I did not have an early start and got to where I parked right off of FR418 at 11:00. By the time I sorted out my gear and started hiking, it was 11:30. I grossly underestimated the time required. I figured it was only 7 miles, even with the snow, I'd give it 6 hours which would be plenty. But it turned out to be 11.2 miles and took me 8 hours and change.

I used the official driving GPS directions and they ended right on FR418. I later learned I apparently "missed" the turn off to the trailhead (there was probably a clear sign too). Well, this official GPS route does not turn from FR 418 and ends right on it way past that turn off. I had not done this loop before so I wasn't quite alarmed when I didn't see the TH or any trails where I had to park, until I checked the actual route of hike I had downloaded when I noticed I was about 1/2-3/4 of a mile off from the TH. Oh well, I just cross countried to the TH on snowshoes.

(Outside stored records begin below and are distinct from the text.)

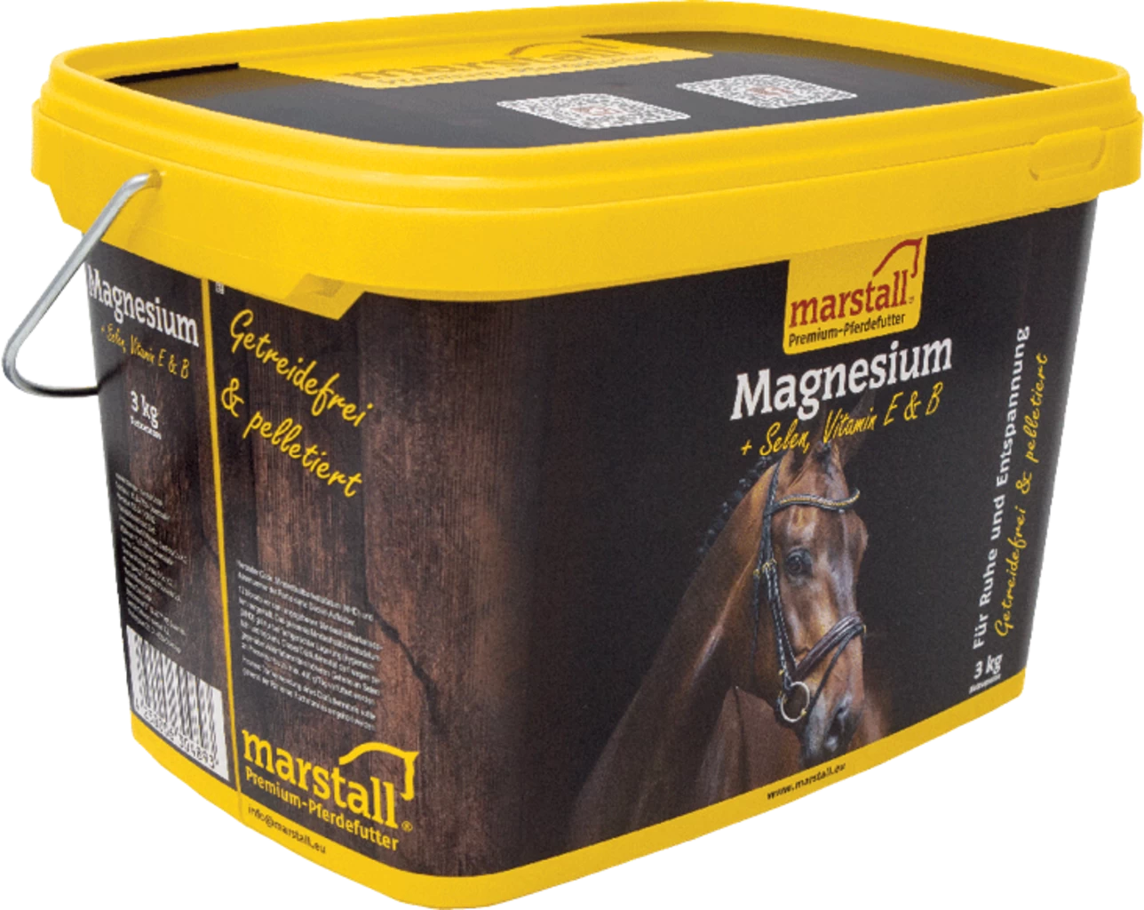 Im Marstall Magnesium ist die organische Form Magnesium-Fumarat enthalten, welche für den Körper besonders gut verfügbar ist. Ebenso beinhaltet die Rezeptur die Vitamine B und E, Calcium und Selen. Dank dieser Kombination wird ein Abbau freier Radikale, der Energiestoffwechsel sowie die Sauerstoffversorgung der Muskelzellen unterstützt. Der hochwertige Futterzusatz wirkt sich positiv auf das Nervenkostüm und die Muskulatur aus und eignet sich ideal bei starker Beanspruchung.
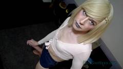 Mila Swift loira trans fica em frente da câmara e diz algo sensual enquanto coloca a sua grande pila no berço com a mão. Uma cena extremamente tentadora
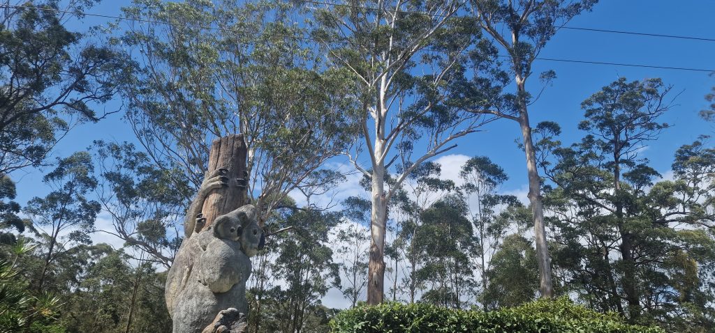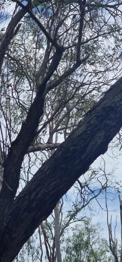 Der Pffegferminz- Eukalyptus, einer der 500 oder 600 Sorten in Australien, oft als „Wald“ am Straßenrand, und öfter vom Buschfeuer mit verkohltem Stamm und trotzdem stolzer Blätterkrone
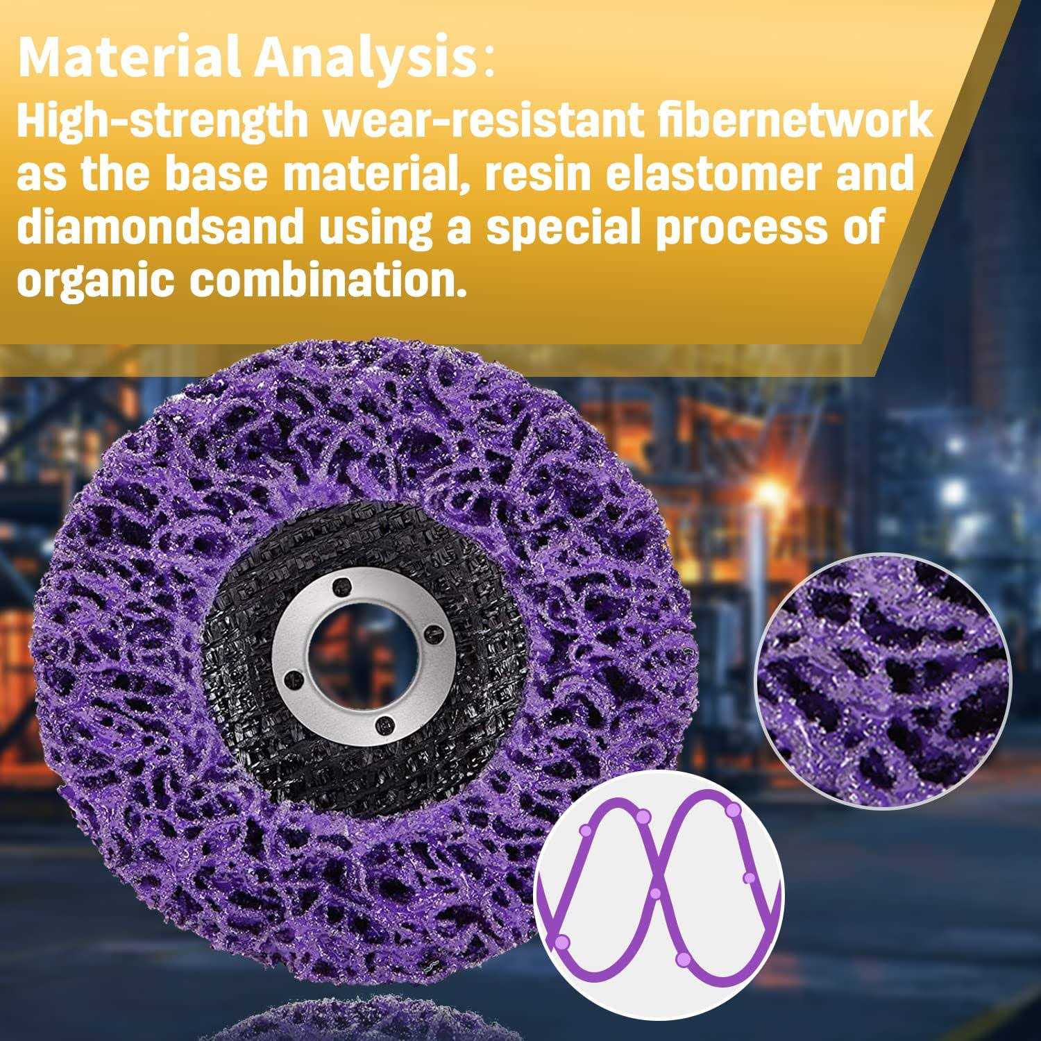 【*NOTICES】- Our poly strip disc wheels are design for 4-1/2″” with 7/8″” arbor striper of various models angle grinders in the market. DOES NOT FIT WAGNER PAINT EATER or DRILL. Please make sure the arbor size and the outer diameter are match with your grinder machine before you purchase. 【BLACK DIAMOND CUP WHEEL】- The black diamond material is a high-strength, high-wearing honeycomb soft abrasive tool formed by combining high-strength wear-resistant fiber mesh as substrate and organically combining resin elastomer and corundum with a special process. 【 PAINT REMOVAL DISC SIZE】- Diameter 4-1/2″”,Thickness 3/5″”,Aperture 7/8″”, Maximum speed 11500 (R.P.M), Maximum speed 80, Abrasive grain size – black silicon carbide 46# 【SCOPE OF APPLICATION】-Paint strip wheel applies for sanding interface grinding, oil pipe burr removal, ceramic bottom polishing c1/2ar surface paint removal and so on. Easy to strip discs clean & remove paint, rust and oxidation 【PREMIUM PERFORMANCE】-Paint strip disc does not damage the surface of the object, the grinding force is uniform, the processing effect is uniform and wear-resistant, the water resistance is strong, the plasticity is strong, the softness is good, it is suitable for various shapes to be peeled off by the grinding body, the grinding sound is small and the dust is small.”
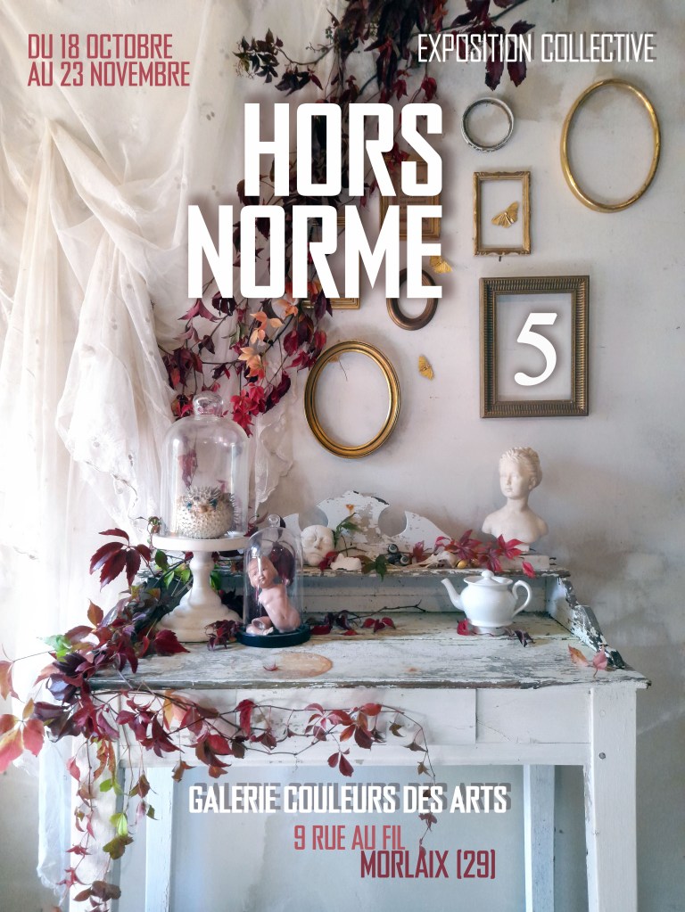 Pour la 5e année consécutive, mes travaux seront visibles, dès le samedi 18 octobre, à la 5e édition de l’exposition collective «Hors Norme». Organisé par Pétrikhor, l’évènement se déroulera, comme chaque année, à la galerie Couleurs des Arts de Morlaix !

Everything was blanketed with snow and you couldn't quite tell where the trails were. Saw a cow elk carcass that had been fed on by many animals. Depths of accumulation varied in areas: some maybe only 6-8 inches while others make Wiski sink to her withers. From the start of the lasso, someone had blazed the trail (with skis??) a couple of days prior and it was easy to follow. I did counterclockwise Abineau first and got to the junction with Bear Jaw / Inner Basin. Going was really slow though and it was a lot of work pulling myself out even with snowshoes on. I didn't turn on it right away and instead kept going toward the ridgeline above wanting to get higher. I went maybe 1/3 - 1/2 of the way and had to abandon that plan because I realized that I was running out of light. So I started back down on Bear Jaw, which was all pristine and fresh powder. I don't think anyone had been on it in at least the last 1.5 weeks. I didn't see any recent entries on the TH register either. It was slow going and only the steep declines in sections felt like downhill. The slight declines most of the way did not feel like downhill at all and still felt like climbing lol. I didn't have time to take a real break on this hike, but often times I'd stop for just 30 seconds after every couple of hundred steps to rest my worn out hips and lower back and for Wiski to catch up. Poor girl was getting really exhausted from having to exert so much energy pulling herself out of the snow and with freezing paws. But she troopred on like she always does. We ended up hiking with headlamp for a couple of hours. It was cool to hear nothing but the wind and crushing of the snow by the snowshoes in the dead of the night. The stars were absolutely stunning. I wish I could have captured them on camera.

It was beautiful up there with the snow. The aspens are still gorgeous, even without the leaves, especially with the olive drab color among all the green pines covered by white snow. A nice hike!